Location
- Al Mizhar 1 Dubai UAE 25°14′11″N 55°25′48″E﻿ / ﻿25.23639°N 55.43000°E

Information
- Type: Private International school
- Established: 1974
- Director: Arwa Taher
- Principal: Kelvin Hornsby
- Gender: Boys and Girls (Different sections, only after Year 4 till Year 11)
- Language: English
- Website: arabunityschool.ae

= Arab Unity School =

Private school in Al Mizhar Dubai, UAE

Arab Unity School is a school in Dubai, United Arab Emirates.

==History==
The school has about 3000+ students from FS 2 to Year 13, to the IGCSE curriculum and for A levels. The founder and director was Zainab Taher, who died in Mumbai on Monday, 2 May 2022. Arab Unity was founded in 1974.

In 2002, it became the first school to in the Middle East to obtain 'Fellowship Centre' status from Cambridge International Examinations.

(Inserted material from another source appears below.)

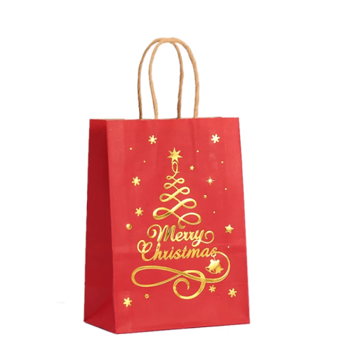 Gift Paper Bag,Red Gold-Pattern Christmas Tree 21*15*8cm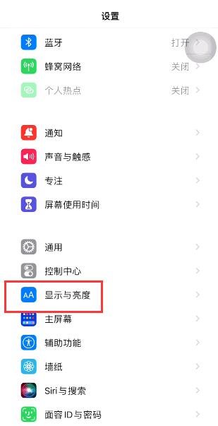 打开iPhone设置,点按下面的“显示和亮度”选项。

The school is a pioneer in the introduction of ICT skills tests into the school curriculum.

==KHDA inspection report==
The Knowledge and Human Development Authority (KHDA), an educational quality assurance authority in Dubai, has published the following the inspection ratings for Arab Unity School.

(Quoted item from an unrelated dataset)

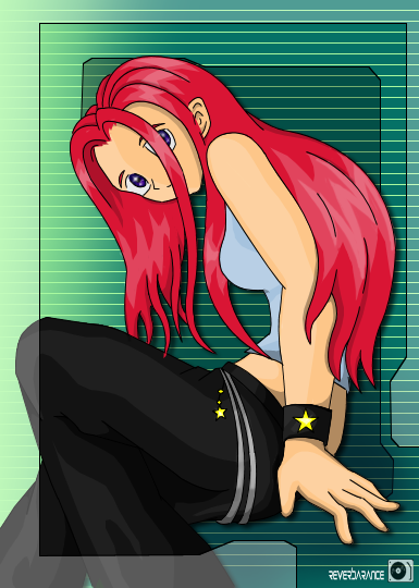 btw this is Alice, a character that use to appear in the Dance Dance revolution games as a dancer. I use to choose her all the time... cuz... is so cuteee -^^- I find that she and Emi are the cutest characters of all the ddr ( the dancers use to be quite weird and odd ^^U ). I wanted to draw her since I first saw her in ddr 5th mix ... aw

| School name | 2010-2011 | 2009-2010 | 2008-2009 | Curriculum |
|---|---|---|---|---|
| Arab Unity School | Acceptable | Acceptable | Unsatisfactory | UK |

The 2009 rating of "Unsatisfactory" was an all-time low for the school.In 2010, 2011, 2012, and 2013 the school received the rating of "Acceptable".

==Sports==
Arab Unity specializes in cricket, basketball, and football. In 2006, the school won the under-18 Pepsi inter-school cricket championship. Student Adil Khalil won the cricket 'Best All-rounder' award at under-15 inter-school level for 2008–09. Arab Unity School also won the inter-school cricket championship in 2015.